Dataset extract >>
★ ★ ★ ★ ★ ★ ★

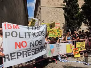 Los 'indignados' que portaban pancartas en las que se podía leer 'Los político no nos representan' o 'No nos representan... reforma de la Ley Electoral', han explicado en declaraciones a los medios que hacen ruido para que los políticos no se olviden que "tienen cosas que hacer" y denunciar que "se han olvidado del pueblo".
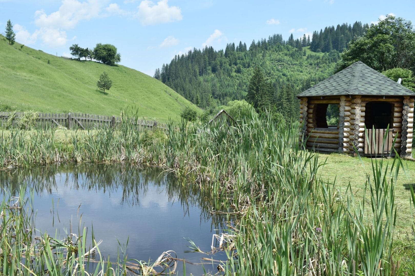 - Поруч ліс та ставок
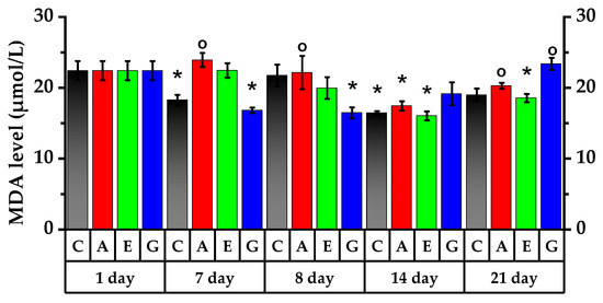 The extent of LPO was determined by the MDA content in erythrocytes of rat blood. MDA in blood was determined by carrying out the reaction between the reactive agent and thiobarbituric acid as described by Buege and Aust [66], but with a slight modification of the method. Red blood cells in the amount of 0.1 g washed with normal saline were homogenized into 0.15 mol L−1 KCl at a ratio of 1:9 with the help of a glass homogenizer. One volume of red blood cells was thoroughly mixed with two volumes of a matrix solution of 15% wt./vol. trichloroacetic acid, 0.375% wt./vol. thiobarbituric acid and 0.25 mol × L−1 hydrochloric acid. The solution was heated for 15 min over a boiling water bath. After cooling, the sediment was centrifugated at 1000× g for 10 min. The absorption of the transparent supernatant was determined at 535 nm, and the MDA concentration was calculated using 1.56 × 105 mol−1 cm−1 as the molar absorption coefficient. The MDA results were expressed in nanomoles per gram of blood with initial moisture.

★ ★ ★ ★ ★ ★ ★

Your assignment >> Write out the material exactly as it stands, omitting every picture.

Written response >>
 Los 'indignados' que portaban pancartas en las que se podía leer 'Los político no nos representan' o 'No nos representan... reforma de la Ley Electoral', han explicado en declaraciones a los medios que hacen ruido para que los políticos no se olviden que "tienen cosas que hacer" y denunciar que "se han olvidado del pueblo".
 - Поруч ліс та ставок
 The extent of LPO was determined by the MDA content in erythrocytes of rat blood. MDA in blood was determined by carrying out the reaction between the reactive agent and thiobarbituric acid as described by Buege and Aust [66], but with a slight modification of the method. Red blood cells in the amount of 0.1 g washed with normal saline were homogenized into 0.15 mol L−1 KCl at a ratio of 1:9 with the help of a glass homogenizer. One volume of red blood cells was thoroughly mixed with two volumes of a matrix solution of 15% wt./vol. trichloroacetic acid, 0.375% wt./vol. thiobarbituric acid and 0.25 mol × L−1 hydrochloric acid. The solution was heated for 15 min over a boiling water bath. After cooling, the sediment was centrifugated at 1000× g for 10 min. The absorption of the transparent supernatant was determined at 535 nm, and the MDA concentration was calculated using 1.56 × 105 mol−1 cm−1 as the molar absorption coefficient. The MDA results were expressed in nanomoles per gram of blood with initial moisture.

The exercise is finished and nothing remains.